◆ WHAT YOU SHOULD DO: Return all the entries below exactly, except for the images they hold.

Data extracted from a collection
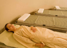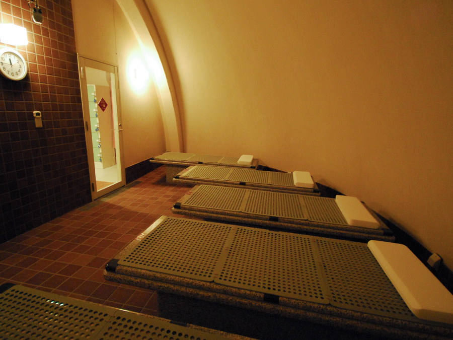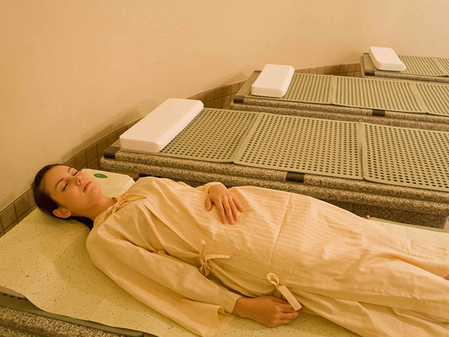 『岩草マット』を岩盤で温めることで『植物性浮遊分子』が発生し、空気となって栄養分が鼻から吸収されます。また、薬草やハーブの香りに身体が包まれ、癒しのひと時を提供します。
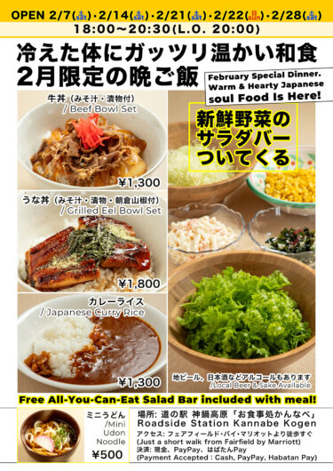 “Oshokujidokoro Kannabe” (inside the Roadside Station) is open for dinner in February!
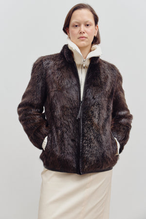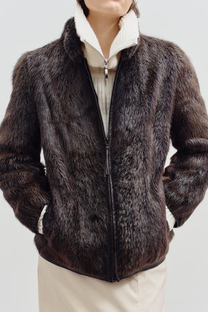 A short brown fur mock neck jacket with a zip-up closure and leather trimmings around the sleeves and zipper. Cozy, chic, and effortlessly stylish.
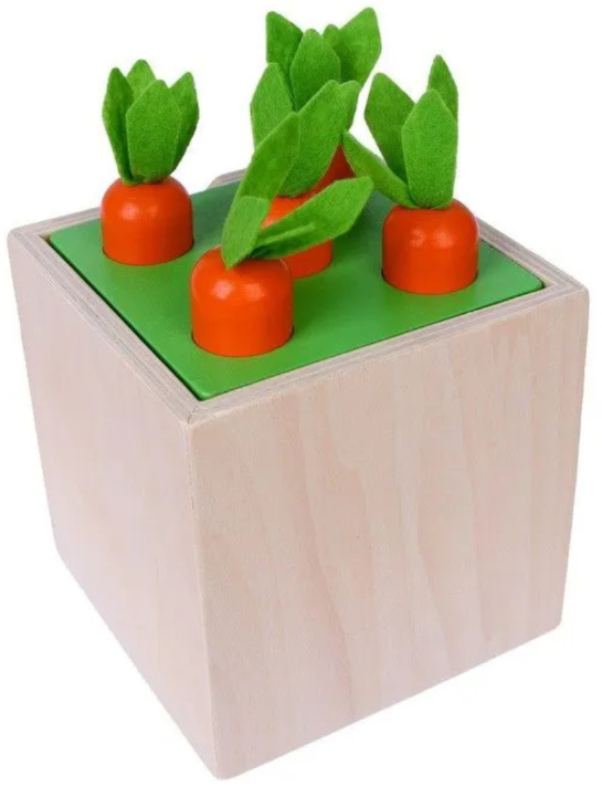 Jocul cu morcovi îi ajută pe micuți să își dezvolte dexteritatea prin scoaterea și rearanjarea morcovilor în locurile potrivite.
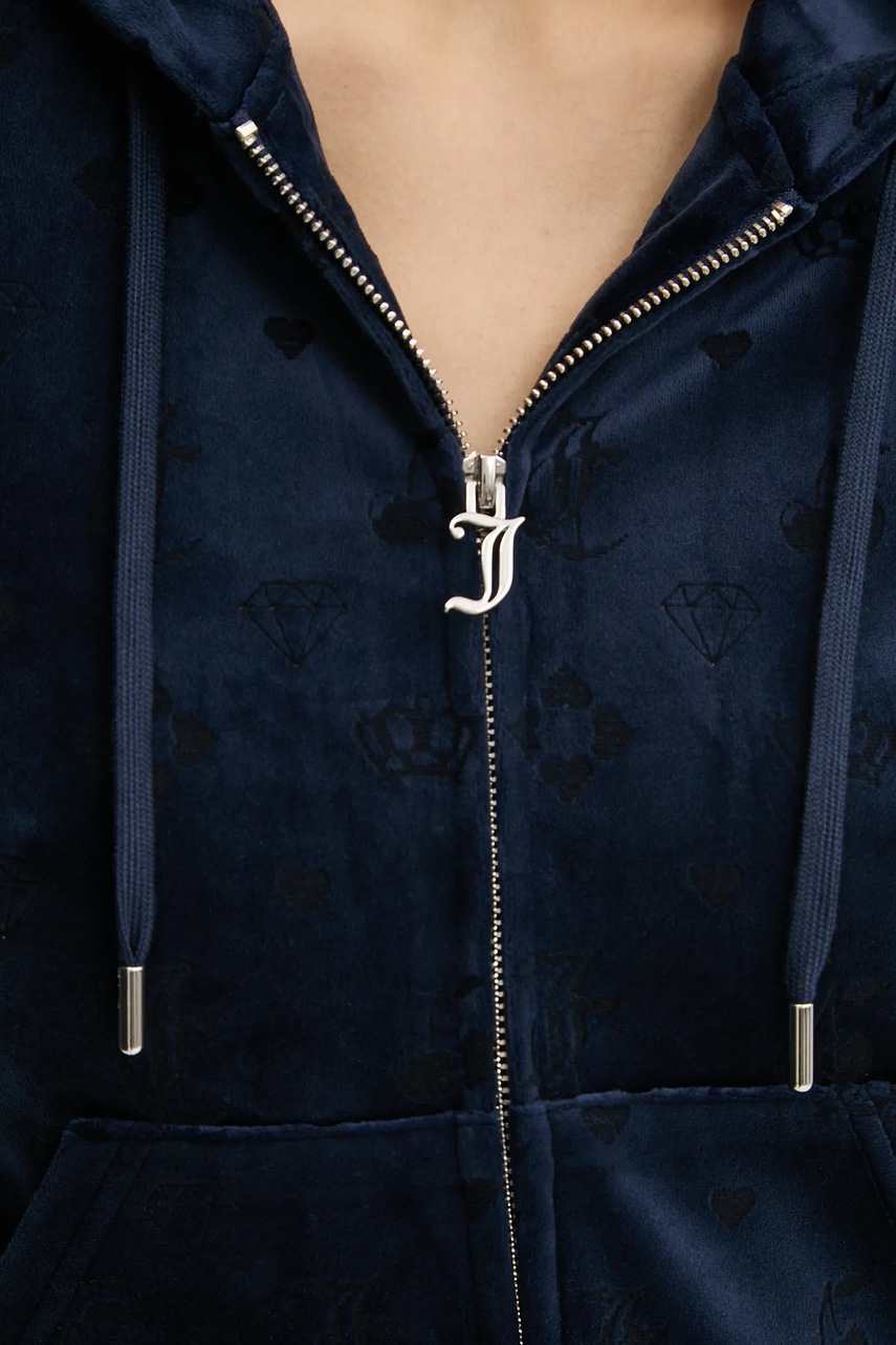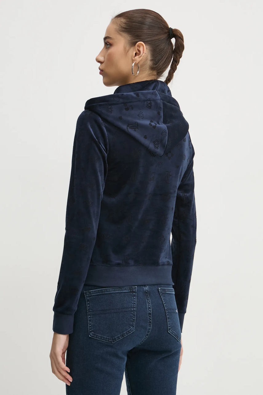Juicy Couture bluza welurowa kolor granatowy z kapturem wzorzysta JCWAS125302
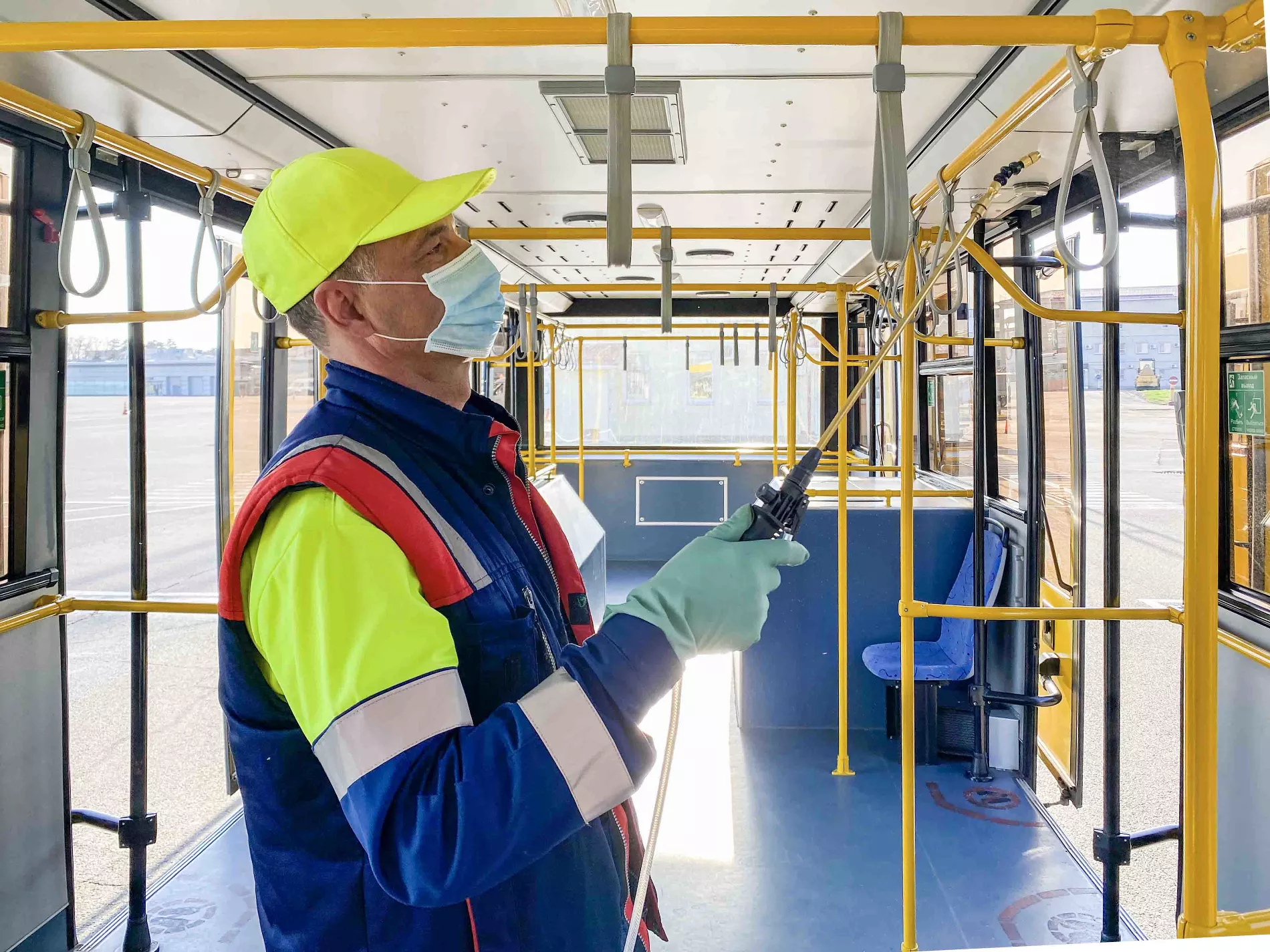 Для дезинфекции транспортных средств по специально разработанной технологии сформировали отдельные бригады с привлечением дополнительного персонала: обрабатываются пассажирские автобусы, трапы, амбулифты.

◆ EXERCISE SOLUTION:
 『岩草マット』を岩盤で温めることで『植物性浮遊分子』が発生し、空気となって栄養分が鼻から吸収されます。また、薬草やハーブの香りに身体が包まれ、癒しのひと時を提供します。
 “Oshokujidokoro Kannabe” (inside the Roadside Station) is open for dinner in February!
 A short brown fur mock neck jacket with a zip-up closure and leather trimmings around the sleeves and zipper. Cozy, chic, and effortlessly stylish.
 Jocul cu morcovi îi ajută pe micuți să își dezvolte dexteritatea prin scoaterea și rearanjarea morcovilor în locurile potrivite.
Juicy Couture bluza welurowa kolor granatowy z kapturem wzorzysta JCWAS125302
 Для дезинфекции транспортных средств по специально разработанной технологии сформировали отдельные бригады с привлечением дополнительного персонала: обрабатываются пассажирские автобусы, трапы, амбулифты.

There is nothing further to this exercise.